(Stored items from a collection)
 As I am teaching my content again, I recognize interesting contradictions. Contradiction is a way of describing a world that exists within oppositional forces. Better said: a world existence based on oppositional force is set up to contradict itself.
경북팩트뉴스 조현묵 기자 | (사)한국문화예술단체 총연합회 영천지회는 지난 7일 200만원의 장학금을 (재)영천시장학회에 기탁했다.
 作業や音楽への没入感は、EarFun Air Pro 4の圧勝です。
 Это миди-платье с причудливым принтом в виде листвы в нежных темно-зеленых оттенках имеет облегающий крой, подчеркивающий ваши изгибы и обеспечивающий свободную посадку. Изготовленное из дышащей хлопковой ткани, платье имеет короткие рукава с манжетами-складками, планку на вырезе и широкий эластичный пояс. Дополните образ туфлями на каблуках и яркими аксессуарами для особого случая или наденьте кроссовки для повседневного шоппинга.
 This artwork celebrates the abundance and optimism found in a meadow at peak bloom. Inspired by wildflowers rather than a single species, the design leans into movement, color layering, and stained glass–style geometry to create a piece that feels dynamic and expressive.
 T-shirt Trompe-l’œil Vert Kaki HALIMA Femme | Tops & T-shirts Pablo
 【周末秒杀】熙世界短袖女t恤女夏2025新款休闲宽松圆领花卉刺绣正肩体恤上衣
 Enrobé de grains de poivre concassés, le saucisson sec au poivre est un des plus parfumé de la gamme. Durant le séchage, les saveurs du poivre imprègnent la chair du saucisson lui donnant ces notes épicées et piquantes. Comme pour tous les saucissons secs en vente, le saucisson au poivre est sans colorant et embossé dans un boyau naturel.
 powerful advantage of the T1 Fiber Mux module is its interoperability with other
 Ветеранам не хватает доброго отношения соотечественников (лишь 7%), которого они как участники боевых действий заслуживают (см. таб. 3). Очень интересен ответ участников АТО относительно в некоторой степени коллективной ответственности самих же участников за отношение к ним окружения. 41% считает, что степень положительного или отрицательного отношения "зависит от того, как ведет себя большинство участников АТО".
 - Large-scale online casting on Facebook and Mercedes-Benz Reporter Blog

#### [ACTION ITEM]
Nothing but the lines from the first line of the data through the line with "This artwork celebrates" should be returned, exactly as they appear, both ends included.

#### [REPLY]
 As I am teaching my content again, I recognize interesting contradictions. Contradiction is a way of describing a world that exists within oppositional forces. Better said: a world existence based on oppositional force is set up to contradict itself.
경북팩트뉴스 조현묵 기자 | (사)한국문화예술단체 총연합회 영천지회는 지난 7일 200만원의 장학금을 (재)영천시장학회에 기탁했다.
 作業や音楽への没入感は、EarFun Air Pro 4の圧勝です。
 Это миди-платье с причудливым принтом в виде листвы в нежных темно-зеленых оттенках имеет облегающий крой, подчеркивающий ваши изгибы и обеспечивающий свободную посадку. Изготовленное из дышащей хлопковой ткани, платье имеет короткие рукава с манжетами-складками, планку на вырезе и широкий эластичный пояс. Дополните образ туфлями на каблуках и яркими аксессуарами для особого случая или наденьте кроссовки для повседневного шоппинга.
 This artwork celebrates the abundance and optimism found in a meadow at peak bloom. Inspired by wildflowers rather than a single species, the design leans into movement, color layering, and stained glass–style geometry to create a piece that feels dynamic and expressive.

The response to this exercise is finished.